Aircraft carriers are the largest warships on the sea, and the U.S. Navy’s carriers are considered the world’s most elite. They’re so big they have their own ZIP code, and their reach and technological sophistication are unrivaled across the world.
On this date 96 years ago, the first aircraft carrier – the USS Langley – was commissioned in Norfolk, Virginia. The carrier had been converted from the collier USS Jupiter, which was the Navy’s first surface ship propelled by electric motors.
USS Langley in the 1920s. Official Navy photograph, now in the collections of the National Archives
The Wright Connection
Cmdr. Kenneth Whiting was the Langley’s executive officer. He was a submarine commander turned aviator who was one of the last to take personal training from famed aviator Orville Wright, one of the two brothers credited with inventing, building and flying the world’s first airplane.
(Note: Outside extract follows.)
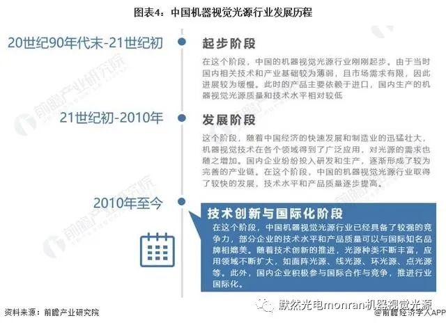 中国机器视觉光源行业的发展历程可以概括为三个阶段,整体来看,中国机器视觉光源行业经历了从起步到发展壮大再到技术创新与国际化的过程,目前已经具备较强的竞争力,中低端产品基本实现了国产化替代。在未来的发展中,随着人工智能、智能制造等领域的快速发展,机器视觉光源行业有望在技术创新、产品质量和应用领域等方面取得更大突破。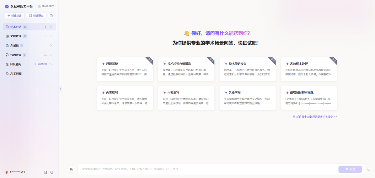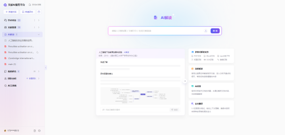 文献AI服务平台(Literature AI Service Platform)是首个面向图书馆界的文献AI服务体系。通过AI深度解析赋能馆藏文献资源。平台融合了5大主流AI模型技术与新华网权威内容资源,围绕“找文献、读文献、用文献”的核心场景,提供智能搜索推荐、深度解读问答、前沿追踪、引文分析等99 +专业服务功能。有效支持了图书馆文献资源从单点到整体、从静态到动态的模式升级,帮助用户轻松获取专业文献服务,打造文献AI服务新模式。

The Langley was named for Samuel Pierpont Langley, a former U.S. Naval Academy assistant professor who eventually became secretary of the Smithsonian Institution. He was also a massive aviation enthusiast. Ironically, Langley had the same spirit as the famed Wright brothers, but never quite had their success. He built his own airplane that he tried on several occasions to launch off ships.
President Warren G. Harding with Navy Cmdr. Kenneth Whiting, Secretary of the Interior Hubert Work and RAdm. William A. Moffett on the flight deck of USS Langley, 1922-23. Navy photo, now in the collections of the National Archives
While he didn’t succeed, he did inspire the Navy’s desire to launch and land aircraft from ships at sea. Sailors took up where he left off.